Skip to content

Conversation

JeevanChevula
Copy link
Contributor

@JeevanChevula JeevanChevula commented Sep 2, 2025

Fixes #934

This PR adds a "saved_checkpoint" event that fires after successful checkpoint saves.

Usage:

# Users need to register the event first
engine.register_events("saved_checkpoint")

@trainer.on("saved_checkpoint")
def after_saving(engine):
    print("Checkpoint saved!")

@github-actions github-actions bot added the module: handlers Core Handlers module label Sep 2, 2025
@JeevanChevula JeevanChevula marked this pull request as ready for review September 2, 2025 06:16
@JeevanChevula JeevanChevula marked this pull request as draft September 3, 2025 06:51
@github-actions github-actions bot added the docs label Sep 3, 2025
@vfdev-5
Copy link
Collaborator

vfdev-5 commented Sep 3, 2025

@JeevanChevula thanks for the PR. However, let's rework the API of the new feature you are working on:

  1. Let's avoid using string type as event name and do not ask users to register the event. This should be done internally by ignite.

  2. Let's define the event in the Checkpoint as following:

# checkpoint.py

class CheckpointEvents(EventEnum):
    SAVED_CHECKPOINT = "saved_checkpoint"


class Checkpoint(...):
    SAVED_CHECKPOINT = CheckpointEvents.SAVED_CHECKPOINT
    ...
  1. finally the usage can be something like this:
from ignite.engine import Engine, Events
from ignite.handlers import Checkpoint, global_step_from_engine

trainer = ...
evaluator = ...
# Setup Accuracy metric computation on evaluator.
# evaluator.state.metrics contain 'accuracy',
# which will be used to define ``score_function`` automatically.
# Run evaluation on epoch completed event
# ...

to_save = {'model': model}
handler = Checkpoint(
    to_save, '/tmp/models',
    n_saved=2, filename_prefix='best',
    score_name="accuracy",
    global_step_transform=global_step_from_engine(trainer)
)

evaluator.add_event_handler(Events.COMPLETED, handler)

# ---- New API with Checkpoint.SAVED_CHECKPOINT event: -----

@evaluator.on(Checkpoint.SAVED_CHECKPOINT)
def notify_when_saved(eval_engine, chkpt_handler):   # we should pass to the attached handlers the engine and the checkpoint instance.
    assert eval_engine is engine
    assert chkpt_handler is handler
    print("Saved checkpoint:", chkpt_handler.last_checkpoint)
    
# ---- End of New API with Checkpoint.SAVED_CHECKPOINT event: -----

trainer.run(data_loader, max_epochs=10)
> ["best_model_9_accuracy=0.77.pt", "best_model_10_accuracy=0.78.pt", ]

Let me know what do you think?

@JeevanChevula
Copy link
Contributor Author

Thanks for the suggestion . I’ll try to work on updating the PR to follow the API approach you mentioned with

@JeevanChevula JeevanChevula marked this pull request as ready for review September 5, 2025 09:58
@JeevanChevula
Copy link
Contributor Author

Implementation Note:

Implemented EventEnum-based SAVED_CHECKPOINT event as requested.
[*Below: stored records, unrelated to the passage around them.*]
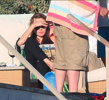 朱莉皮特带养子海边度假 跷腿聊天大秀幸福(图)(2)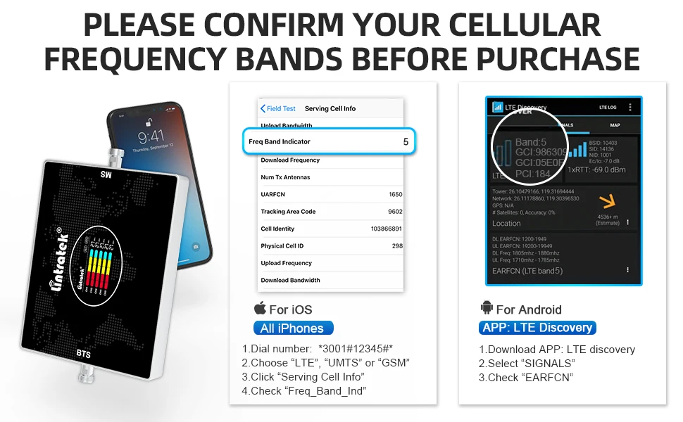 ------Матч частота:Пожалуйста, убедитесь, что частота вашего телефона совпадает с усилителем. Если вы не знаете частоту, пожалуйста, проверьте частоту и отправьте нам результат.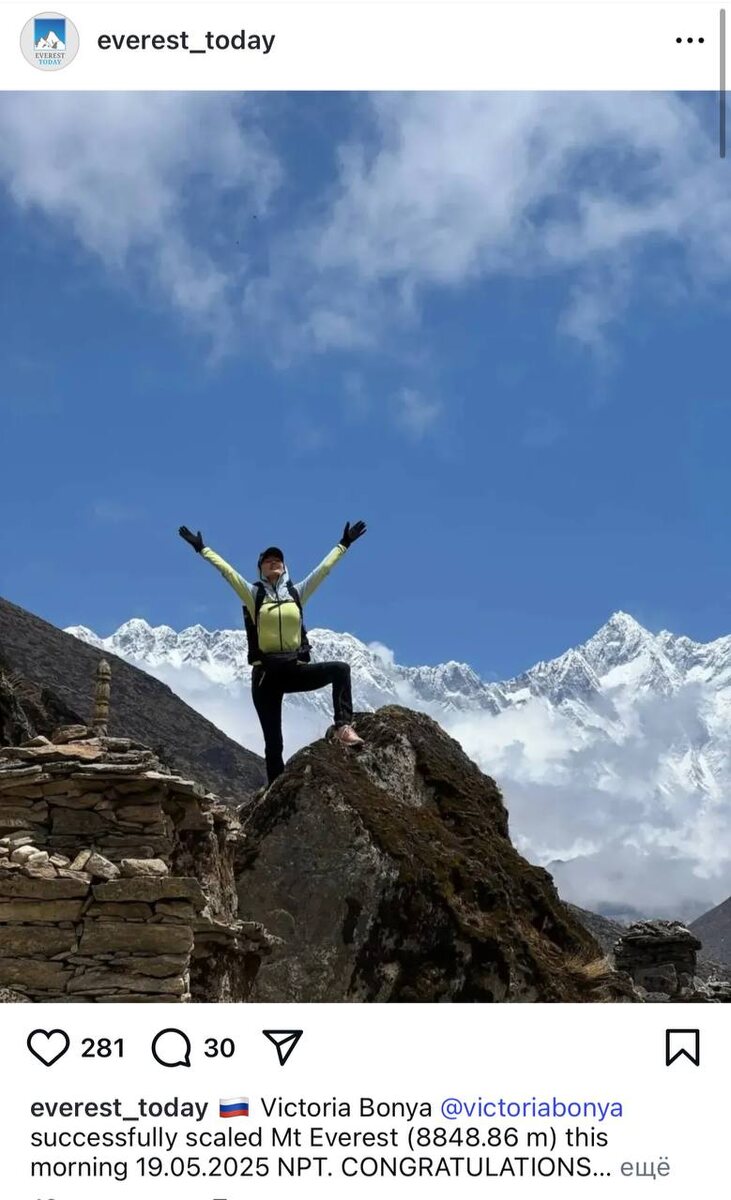 Виктория Боня покорила Эверест! Тяжело в это поверить, но фото сделано на высоте 8 849 метров 👏 Ждем, когда она сама выйдет на связь

However, Ignite's event system only supports single-parameter handlers - the originally requested two-parameter signature (handler(engine, checkpoint_handler)) failed during event firing and registration.

Current implementation uses single parameter with checkpoint access via engine._current_checkpoint_handler. All 61 core tests pass, confirming functionality works without breaking existing features. The 3 distributed test errors are pre-existing infrastructure issues unrelated to this change.

Copy link
Collaborator

@vfdev-5 vfdev-5 left a comment

Choose a reason for hiding this comment

The reason will be displayed to describe this comment to others. Learn more.

Thanks for working on this PR @JeevanChevula
I left few more comments to improve the PR

checkpoint["checkpointer"] = self.state_dict()

# Store reference to self in engine for event handlers to access
engine._current_checkpoint_handler = self
Copy link
Collaborator

Choose a reason for hiding this comment

The reason will be displayed to describe this comment to others. Learn more.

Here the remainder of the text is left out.